Sierra Leone: le ceneri di Susan Bay

di Valentina Milani

Questo è ciò che rimane di Susan Bay, baraccopoli di Freetown,  capitale della Sierra Leone, dopo il terribile incendio dello scorso 25 marzo: cumuli di cenere fra cui si aggirano circa seimila  persone che hanno perso ogni cosa. La tragedia ha colpito una comunità fragile ma straordinaria: nonostante le dimensioni del disastro non si contano vittime.

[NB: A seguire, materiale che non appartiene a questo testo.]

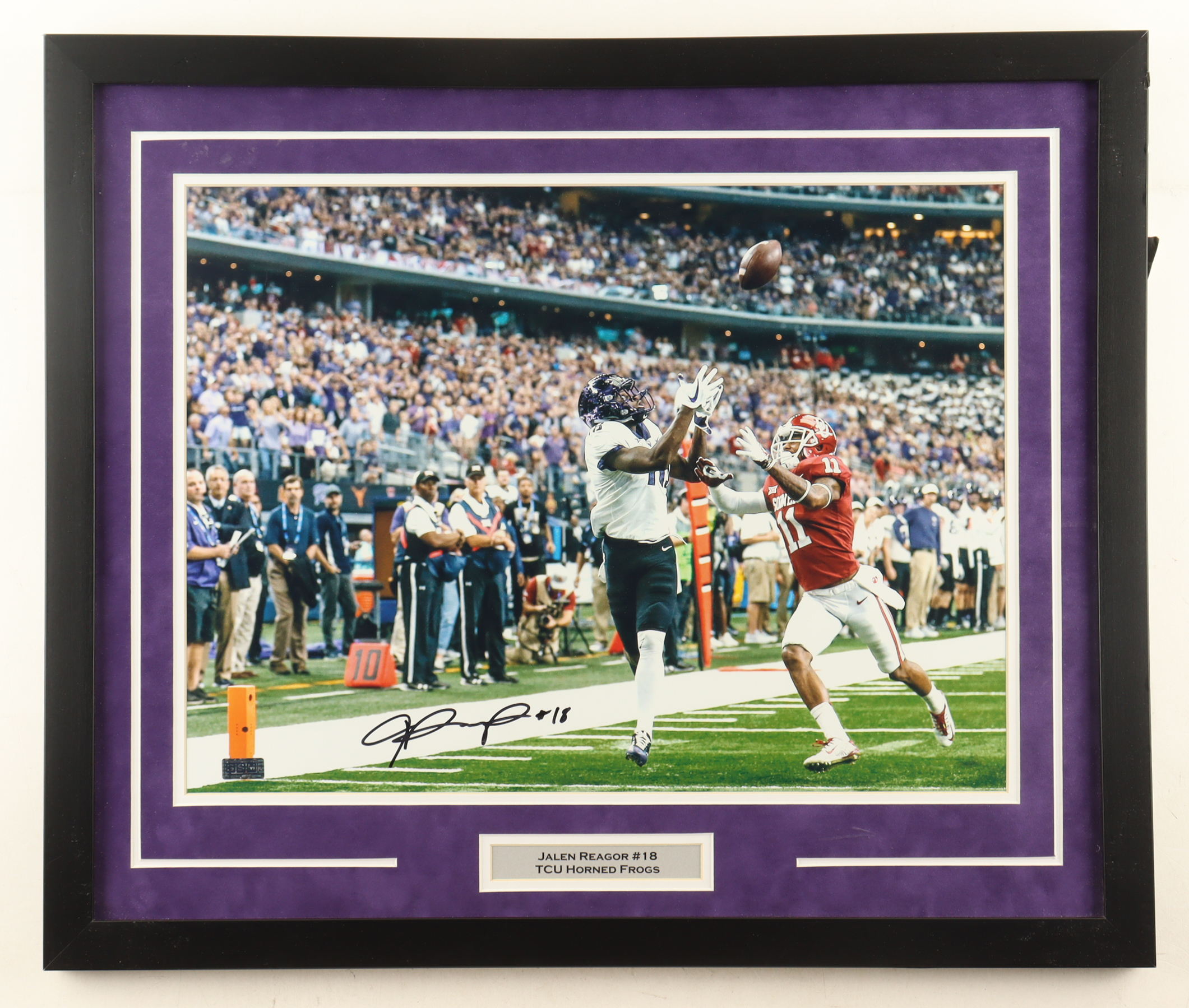Custom frame measures approximately 22" x 26" in size and features a Photo that has been hand-signed by Jalen Reagor (TCU Horned Frogs). Please note the framing is scuffed throughout.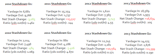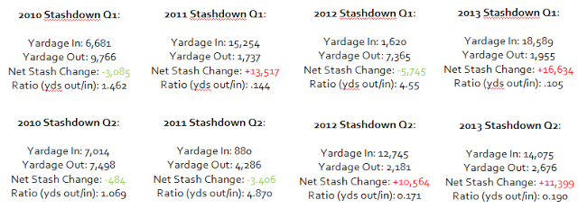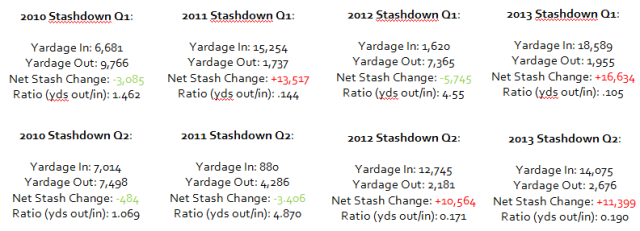 So here it is: Quarter 2 of 2013’s Stashdown efforts.  This year I am tracking all four year’s worth of numbers and seeing if any trends pop up.  So far…I’m not getting much out of them.  But I find this fun in a weird, nerdy sort of way.

In queste settimane si parla molto della necessità di sposta]re il quartiere in luoghi più sicuri e con case migliori, tuttavia dovremmo studiare con molta ma molta attenzione cosa è successo a Susan Bay. Com’è stato possibile che il rogo sprigionatosi in un labirinto di vicoli di lamiera, inaccessibili ai mezzi di soccorso, non si sia tramutato in una strage? In tanti prima di scappare hanno raccolto tutti i bambini che trovavano in giro, sorpresi dal fumo mentre giocavano in strada, li hanno buttati sulle barche in riva al mare e portati al largo, al sicuro. Altri sono entrati nelle case già lambite dal fuoco per caricare anziani e disabili e trascinarli lontano dalle fiamme. Nel momento del bisogno, nell’emergenza più drammatica, a fare la differenza è stato il senso di comunità, la coesione e la solidarietà di gente accomunata dagli stessi problemi e dallo stesso destino: continuare a vivere assieme.